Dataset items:
◇ ◇ ◇ ◇ ◇

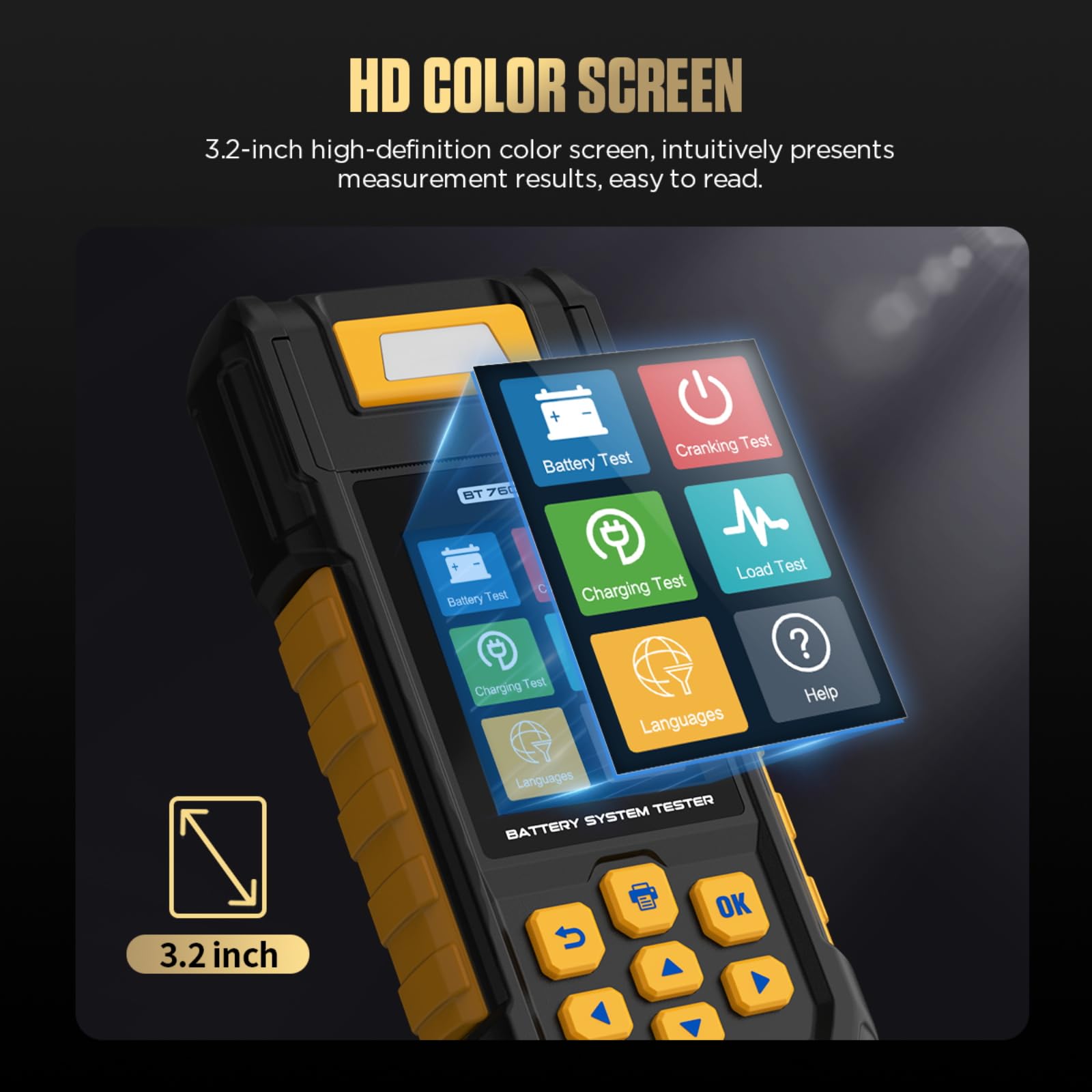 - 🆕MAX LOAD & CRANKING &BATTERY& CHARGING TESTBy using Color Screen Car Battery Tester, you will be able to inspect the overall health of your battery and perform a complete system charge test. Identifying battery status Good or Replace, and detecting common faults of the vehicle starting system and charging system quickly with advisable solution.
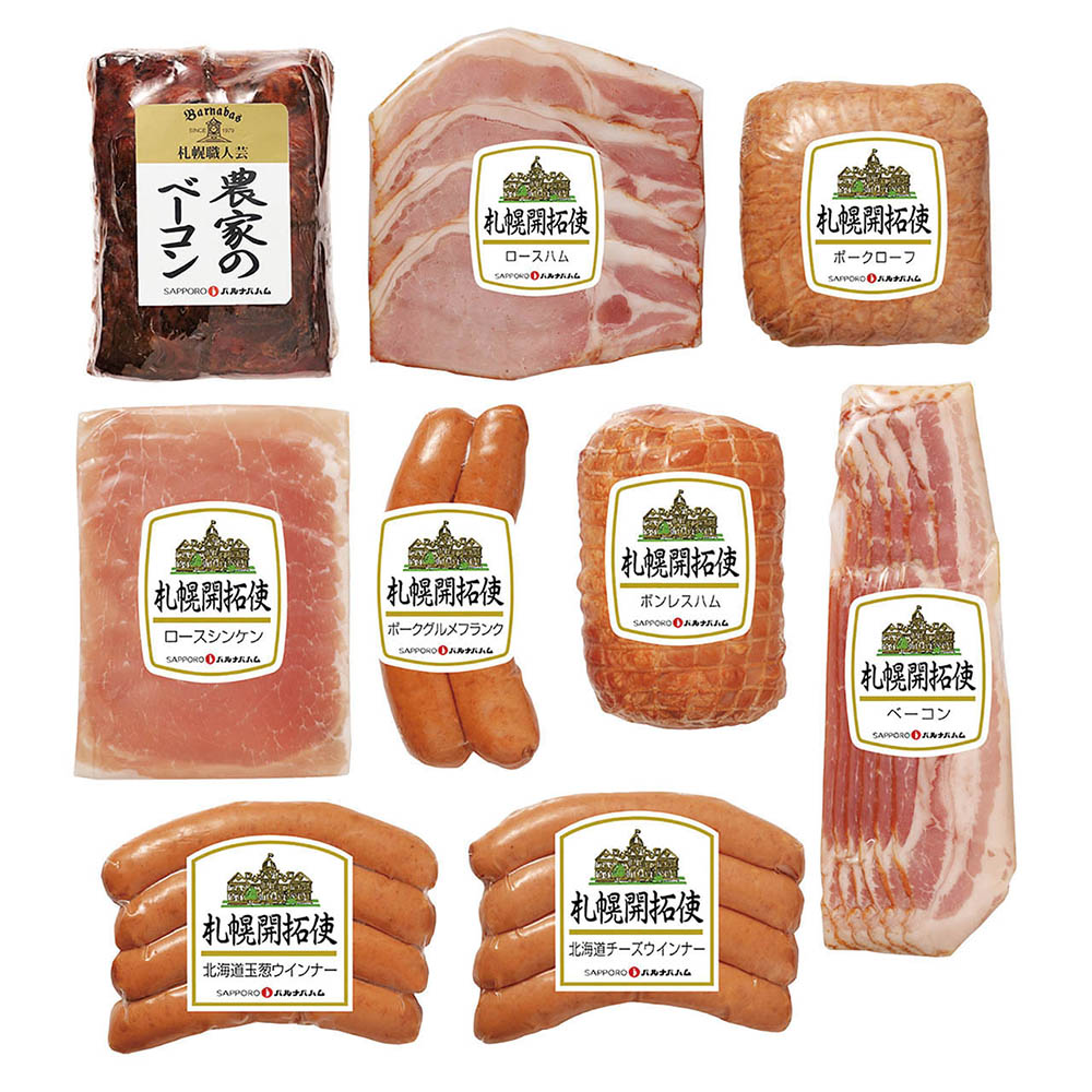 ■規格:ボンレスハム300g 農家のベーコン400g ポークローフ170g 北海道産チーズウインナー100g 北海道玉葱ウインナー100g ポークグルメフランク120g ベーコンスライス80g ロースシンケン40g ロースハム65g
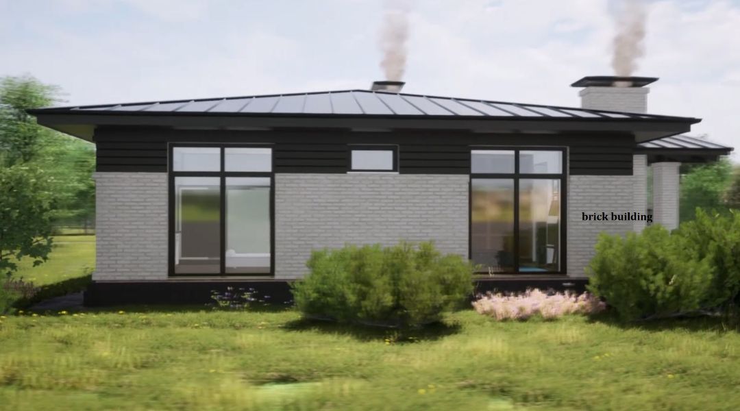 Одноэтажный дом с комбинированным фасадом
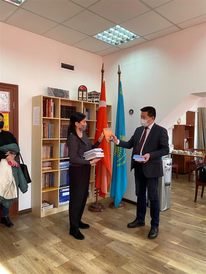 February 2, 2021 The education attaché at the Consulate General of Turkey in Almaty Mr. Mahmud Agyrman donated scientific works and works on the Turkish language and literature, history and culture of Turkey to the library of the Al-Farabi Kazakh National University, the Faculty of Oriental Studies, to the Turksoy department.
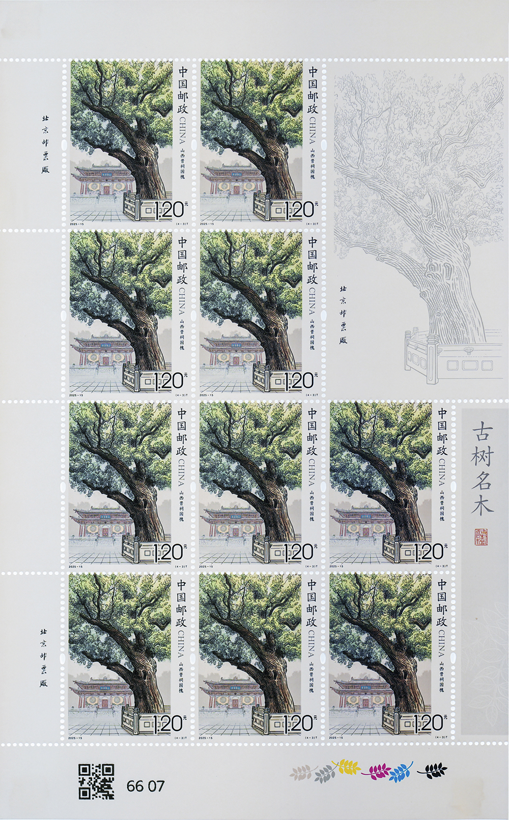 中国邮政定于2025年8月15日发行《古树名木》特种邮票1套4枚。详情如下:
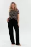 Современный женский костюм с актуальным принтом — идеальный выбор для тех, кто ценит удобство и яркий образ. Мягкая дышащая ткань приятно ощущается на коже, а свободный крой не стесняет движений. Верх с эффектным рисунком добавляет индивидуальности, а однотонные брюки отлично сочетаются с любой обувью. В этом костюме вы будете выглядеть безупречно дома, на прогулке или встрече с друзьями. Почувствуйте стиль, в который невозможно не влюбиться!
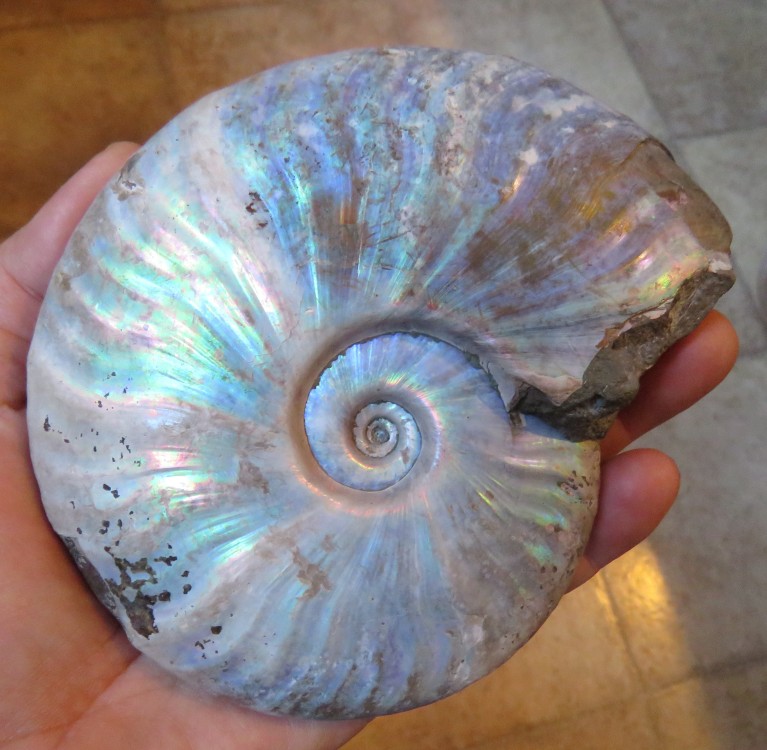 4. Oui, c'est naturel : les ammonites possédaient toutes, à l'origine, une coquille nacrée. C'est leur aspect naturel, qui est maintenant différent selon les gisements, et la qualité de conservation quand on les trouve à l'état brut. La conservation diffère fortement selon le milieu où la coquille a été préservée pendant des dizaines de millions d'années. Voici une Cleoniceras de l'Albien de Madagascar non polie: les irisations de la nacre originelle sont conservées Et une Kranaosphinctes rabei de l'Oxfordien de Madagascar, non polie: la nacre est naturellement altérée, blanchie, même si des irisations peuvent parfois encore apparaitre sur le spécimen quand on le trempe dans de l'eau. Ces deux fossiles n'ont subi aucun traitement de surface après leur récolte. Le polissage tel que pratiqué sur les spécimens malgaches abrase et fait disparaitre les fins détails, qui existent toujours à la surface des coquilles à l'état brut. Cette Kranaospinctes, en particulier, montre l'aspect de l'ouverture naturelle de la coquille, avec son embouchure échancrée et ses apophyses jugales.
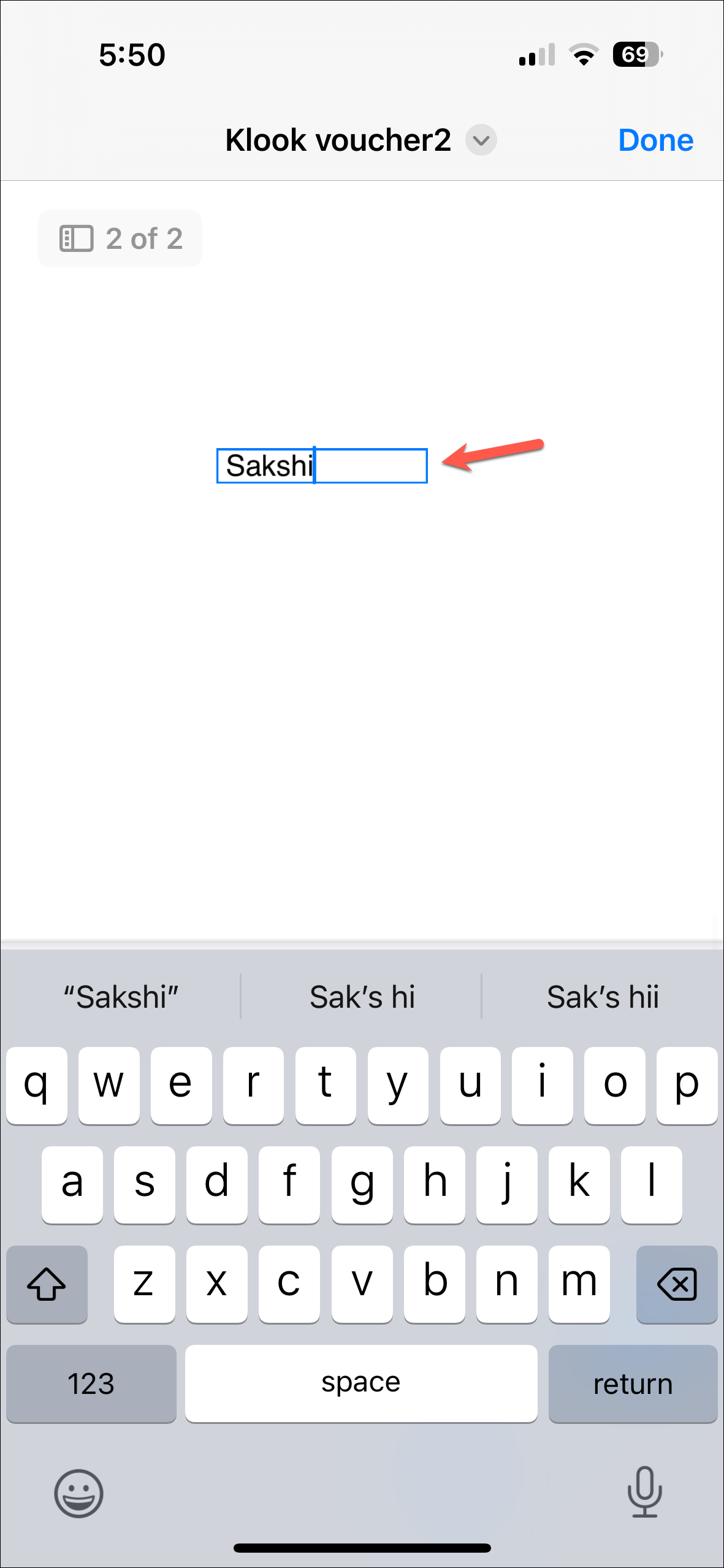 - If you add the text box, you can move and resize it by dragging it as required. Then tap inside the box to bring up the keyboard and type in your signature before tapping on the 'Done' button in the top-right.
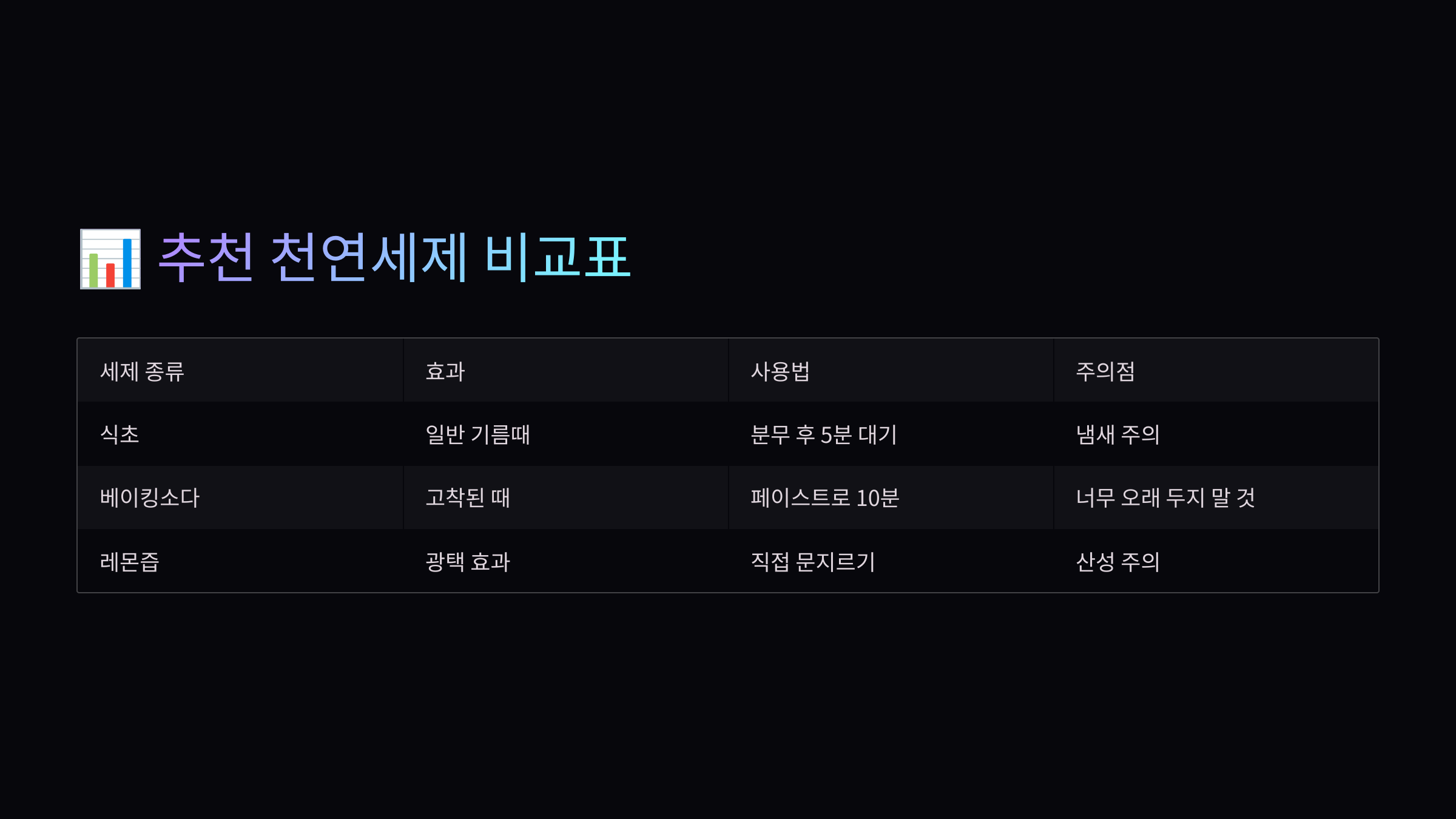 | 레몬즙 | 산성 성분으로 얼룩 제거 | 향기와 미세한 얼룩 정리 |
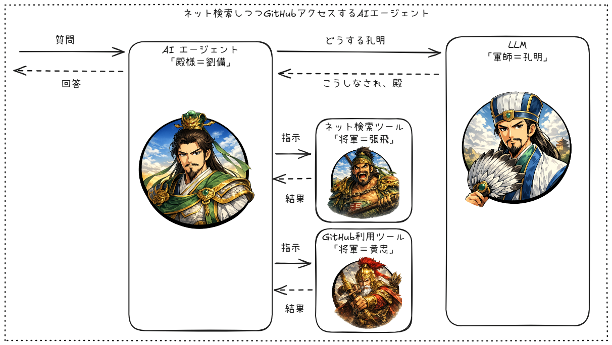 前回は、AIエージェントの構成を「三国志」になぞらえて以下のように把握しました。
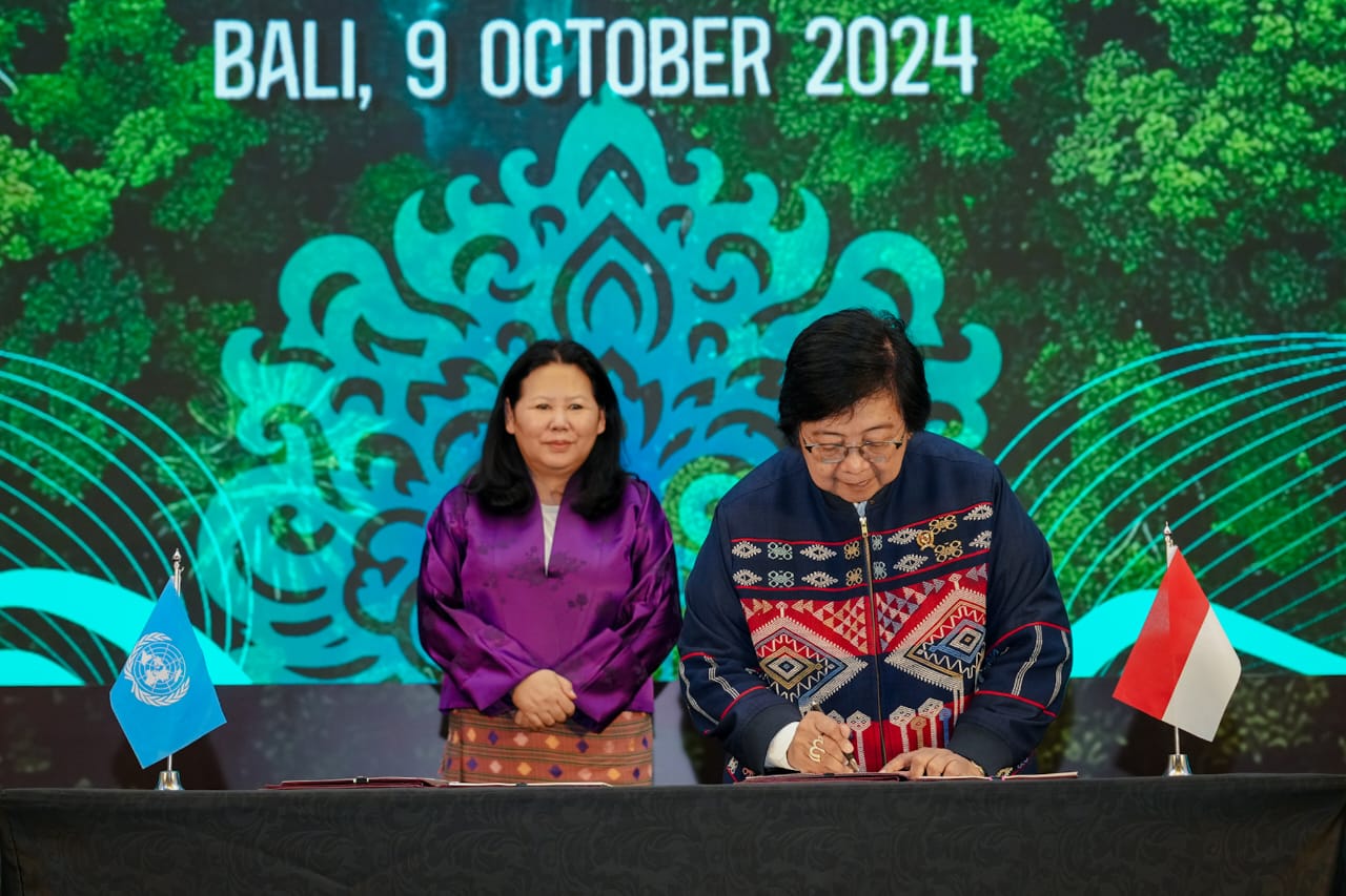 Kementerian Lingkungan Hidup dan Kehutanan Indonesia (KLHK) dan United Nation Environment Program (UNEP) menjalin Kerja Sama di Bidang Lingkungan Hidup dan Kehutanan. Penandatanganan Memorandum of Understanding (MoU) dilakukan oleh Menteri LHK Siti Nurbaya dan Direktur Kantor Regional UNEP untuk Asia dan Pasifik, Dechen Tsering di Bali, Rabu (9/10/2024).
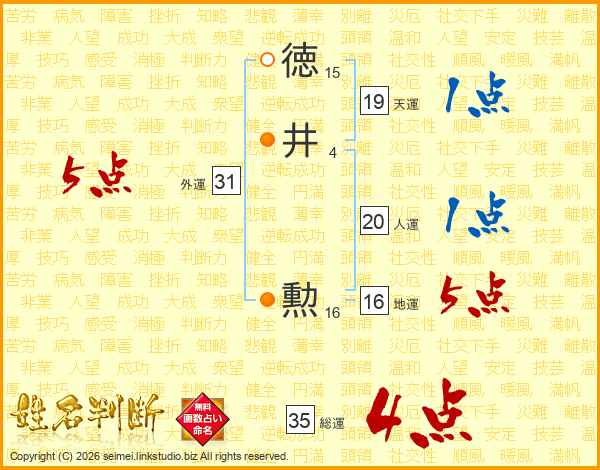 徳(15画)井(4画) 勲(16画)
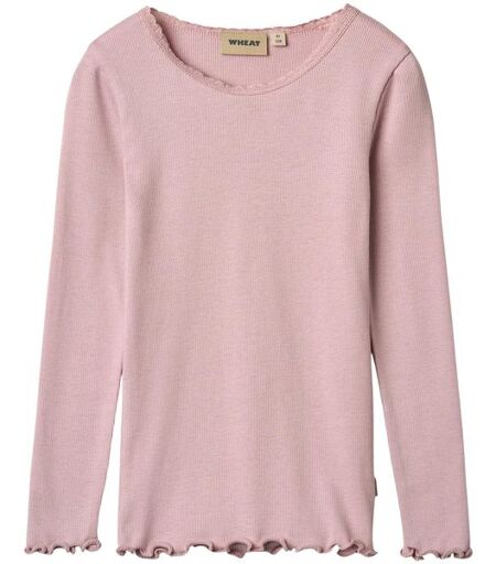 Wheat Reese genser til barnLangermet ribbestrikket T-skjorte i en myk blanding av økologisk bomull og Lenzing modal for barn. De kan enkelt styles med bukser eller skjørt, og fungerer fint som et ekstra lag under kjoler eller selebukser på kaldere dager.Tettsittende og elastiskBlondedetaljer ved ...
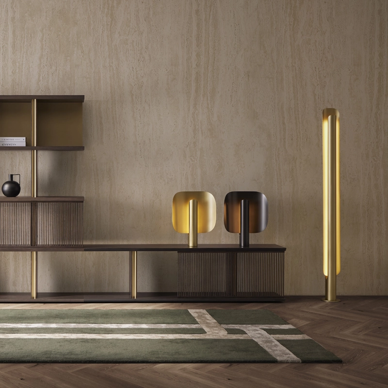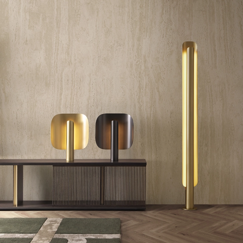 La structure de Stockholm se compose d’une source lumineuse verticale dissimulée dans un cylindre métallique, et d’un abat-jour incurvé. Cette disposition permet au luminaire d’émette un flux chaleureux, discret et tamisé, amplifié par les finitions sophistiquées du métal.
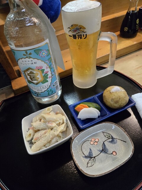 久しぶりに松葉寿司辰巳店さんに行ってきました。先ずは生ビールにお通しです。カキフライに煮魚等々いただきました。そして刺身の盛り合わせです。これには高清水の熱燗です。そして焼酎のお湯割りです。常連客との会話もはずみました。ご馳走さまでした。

◇ ◇ ◇ ◇ ◇

Exactly as they appear, repeat the lines from the one containing "Wheat Reese genser" through the last line of the entries, counting both ends. Pictures stay out.

 Wheat Reese genser til barnLangermet ribbestrikket T-skjorte i en myk blanding av økologisk bomull og Lenzing modal for barn. De kan enkelt styles med bukser eller skjørt, og fungerer fint som et ekstra lag under kjoler eller selebukser på kaldere dager.Tettsittende og elastiskBlondedetaljer ved ...
 La structure de Stockholm se compose d’une source lumineuse verticale dissimulée dans un cylindre métallique, et d’un abat-jour incurvé. Cette disposition permet au luminaire d’émette un flux chaleureux, discret et tamisé, amplifié par les finitions sophistiquées du métal.
 久しぶりに松葉寿司辰巳店さんに行ってきました。先ずは生ビールにお通しです。カキフライに煮魚等々いただきました。そして刺身の盛り合わせです。これには高清水の熱燗です。そして焼酎のお湯割りです。常連客との会話もはずみました。ご馳走さまでした。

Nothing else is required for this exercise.